Davide Enia is a playwright, actor, theatre director and novelist.

His shows are Italia-Brasile 3 a 2 (2002), Scanna (2003), maggio ’43 (2004), I capitoli dell’infanzia (2007), L’abisso (2018). Davide Enia has been awarded the Tondelli Prize at the Riccione Prize (2003), Special Ubu Prize (2003), Hystrio Prize (2005), E.T.I. Prize (2005), Vittorio Mezzogiorno Prize (2006), Gassman Prize (2006). In 2017 he was stage director of Mozart’s opera L’oca del Cairo, at the Teatro Massimo in Palermo.

Davide Enia wrote and performed the radio drama Rembò (2006) for RaiRadio2.
In 2012 he published his first novel, Così in Terra (Baldini & Castoldi Dalai), translated and published worldwide, and awarded in France in 2016 the Prix du Premier Roman Étranger and the Prix Brignoles as best foreign novel of the year. Così in terra is republished by Sellerio in 2023.
His second novel Appunti per un naufragio (Sellerio, 2017) has been published in France, USA, Germany, Spain and awarded the Mondello International Literary Prize (2018).
The novel inspired the show L’Abisso (2018), Hystrio Twister prize for best show of the year, Le Maschere del Teatro prize for Best Monologue Interpreter, Ubu prize for New Italian Text or Dramaturgical Writing.
In 2023 he writes and directs Eleusi with a production by the Piccolo Teatro di Milano - Teatro d'Europa.


Appunti per un naufragio

Così in terra

Notes on a Shipwreck is a novel which in fact describes several different shipwrecks: that of the people who, ploughing across the surface of death, cross the Mediterranean Sea in unimaginable conditions; that of the people who pick them up, at the frontier of an era and a continent; that of the author himself, in his relationship with his father and with the discovery of what really happens on sea and land; and that of words, which plunge down into the depths in an attempt to convey the complexity of the present. Notes on a Shipwreck tells the true story of several people united by direct experience of the fragility of life, which comes like a revelation, making them re-evaluate their lives and carrying them towards a new point of arrival: that of listening.


Davidù grew up in Palermo in a family of boxers, cared for by his mother Zina, grandmother Provvidenza, grandfather Rosario, and uncle Umbertino. His father, who died before he was born, was known as il Paladino, a spectacle in the ring, elegant, composed, precise, agile, with a suit of armor between himself and the world to protect him in fights as much as in life.

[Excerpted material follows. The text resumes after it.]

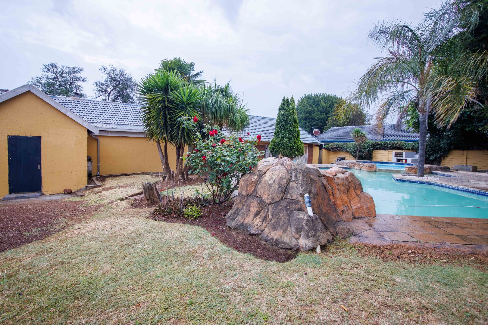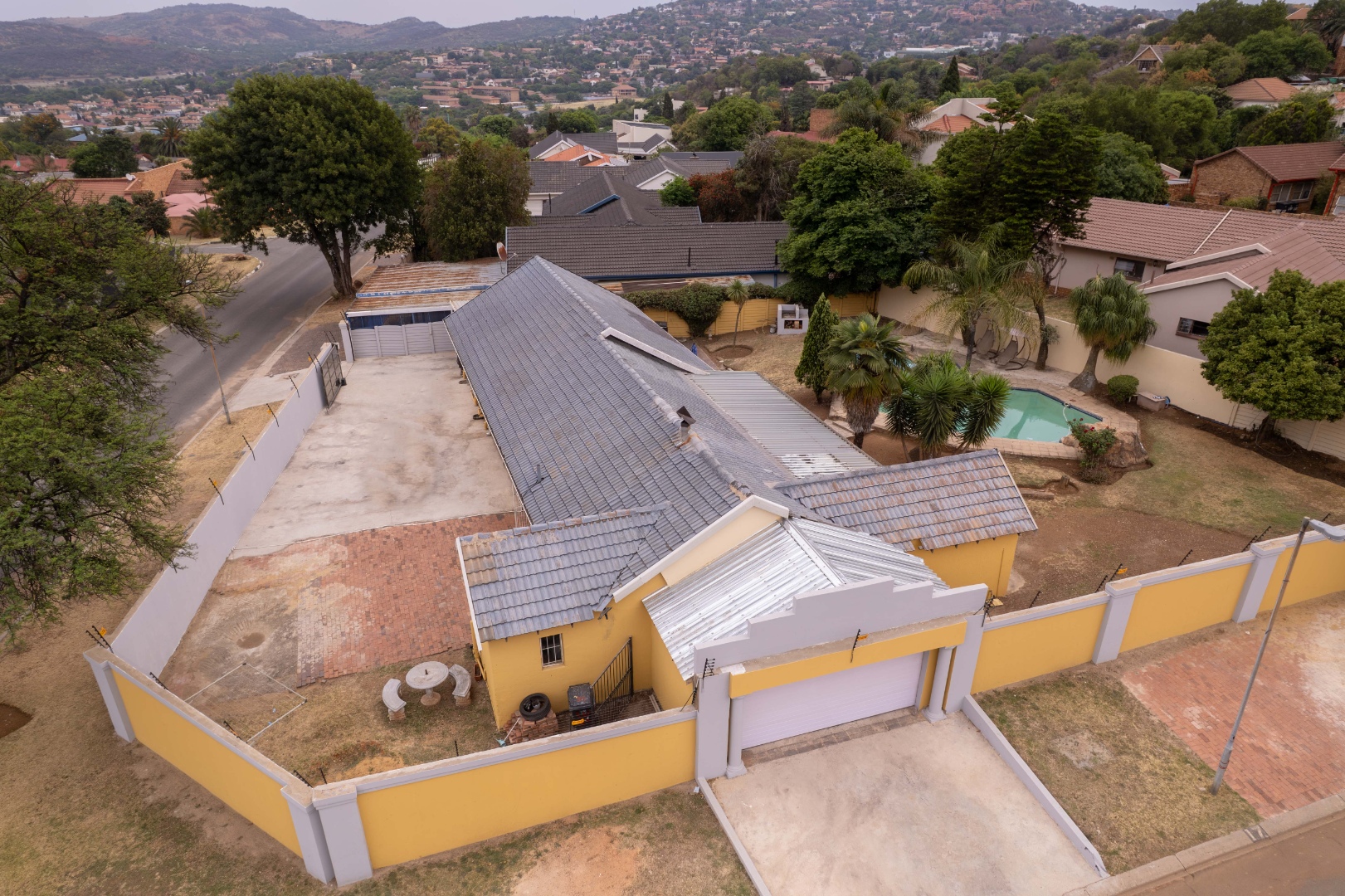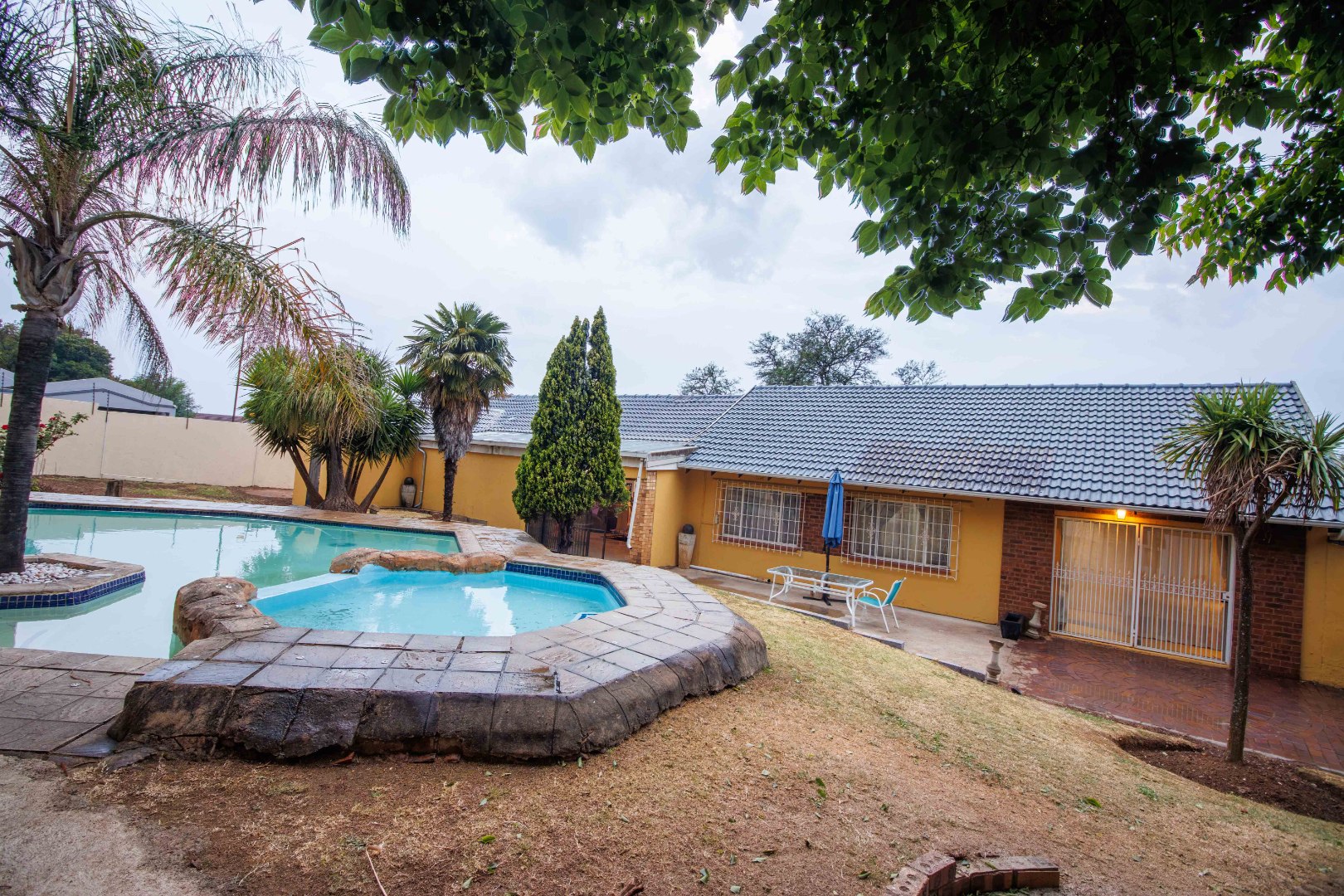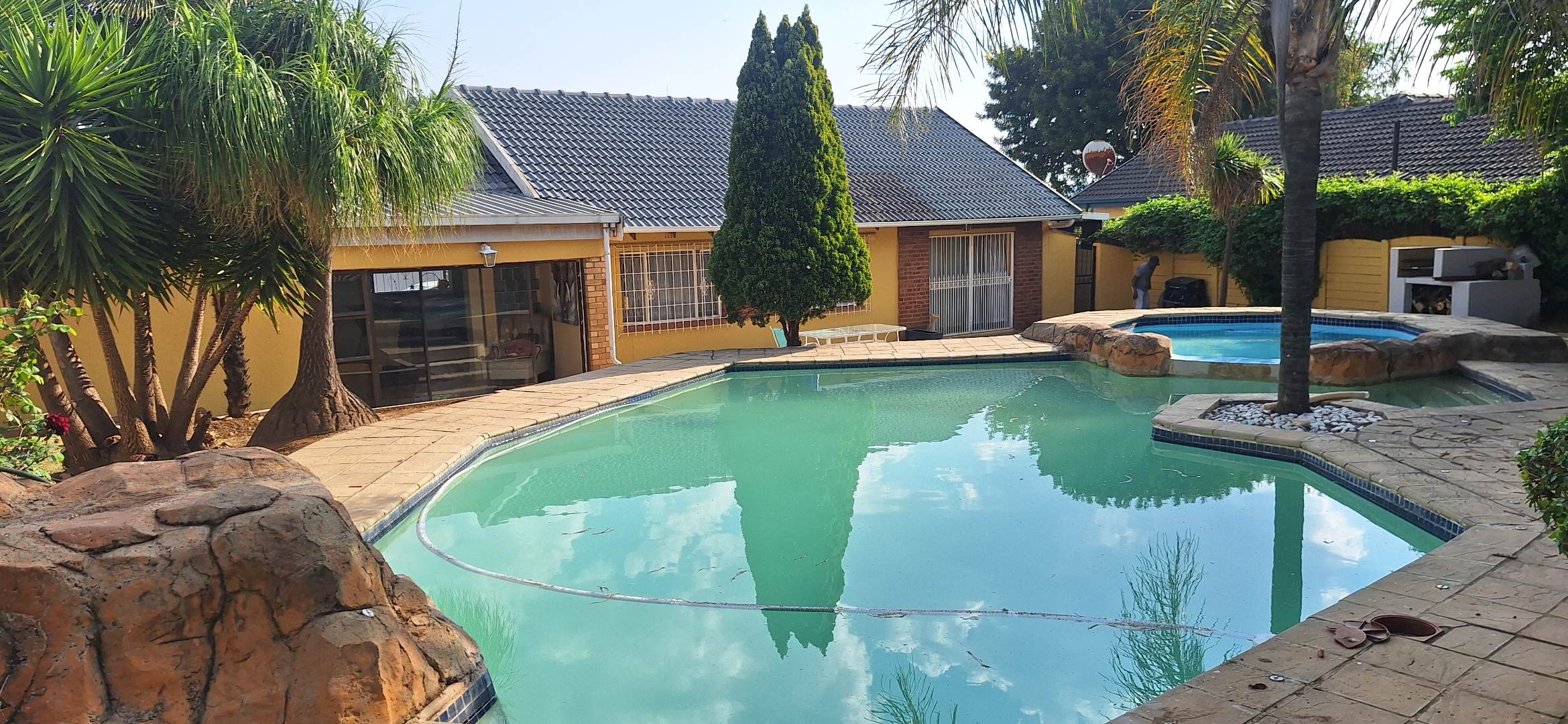 Discover this inviting four-bedroom, two-bathroom family home situated in the desirable suburban area of Mulbarton, Johannesburg. The property immediately impresses with its strong kerb appeal, featuring a high perimeter wall with an electric fence and an attractive two-tone yellow and grey exterior. A paved driveway leads to three garages, offering ample secure parking for up to 12 vehicles, ensuring convenience and peace of mind. Step inside to an intelligently designed open-plan living space, seamlessly integrating a modern kitchen, dining area, and lounge. The kitchen boasts sleek two-tone cabinetry, black countertops, and integrated stainless steel appliances, including a double oven and microwave. Stylish tiled flooring flows throughout, complemented by accent LED lighting. The versatile layout includes a dedicated home gym area and a built-in bar, perfect for entertaining or relaxation. Large sliding doors enhance the indoor-outdoor flow, leading directly to the private outdoor oasis. The residence offers four comfortable bedrooms, with the main bedroom featuring an en-suite bathroom, providing a private retreat. The additional bathroom serves the remaining bedrooms, catering to family needs. Security is paramount, with burglar bars on windows and security gates on doors, alongside an alarm system, ensuring a safe living environment. Outside, the property truly shines with a spacious freeform swimming pool and an adjacent smaller pool/spa, ideal for leisure and enjoyment. A dedicated outdoor braai area is perfect for alfresco dining, set within a garden featuring mature trees that provide shade and a tranquil atmosphere. An outside toilet adds to the convenience of the outdoor amenities. This Mulbarton home combines modern living with robust security and excellent outdoor facilities, making it an ideal choice for families seeking comfort and convenience in a well-established Johannesburg suburb. Key Features: * 4 Bedrooms, 2 Bathrooms (1 En-suite) * Open-Plan Living with Modern Kitchen * Dedicated Home Gym Area * Built-in Bar and Fireplace * Large Freeform Swimming Pool with Spa * Outdoor Braai Area and Garden * 3 Garages and 12 Parking Spaces * High Perimeter Wall with Electric Fencing * Burglar Bars and Security Gates * Erf Size: 953 sqm, Floor Size: 196 sqm

He spends his days in a 1980s dirty and violent Palermo, where the Mafia kills in the streets and you have to learn to fend for yourself and defend yourself, otherwise you end up like Gerruso, the little boy forced to suffer the arrogance of the most overbearing. Fights and shootings alternate with tender moments: his love for Nina and the tales of grandma Provvidenza’s past. At only nine years old, Davide begins his journey as a boxer. The Poet they call him, followed by master Franco in the gymnasium of his uncle Umbertino, a boxer also of deadly strength, capable of physical and verbal excesses, yet hilarious and of a deep, almost sweet humanity that contrasts with his impetuosity. He is the guardian of his grandson’s history and, together with his grandparents, the keeper of the family memories that run through the events of Palermo and Italy: from the war in Africa fought by his grandfather Rosario, to the bombs that gutted the city in the years of World War II and then to the more recent ones of the Mafia massacres of ’92 that changed its face forever.

From family history to universal history, with a narrative thread that runs backward and forward in time, as well as the boxer’s dance in the ring, a novel that can be read in one breath capable of touching the most intimate chords and moving to smiles as well as to tears, while dosing, in a language composed and disjointed at the same time, comic and tragic, crude realism and dreamlike abstraction.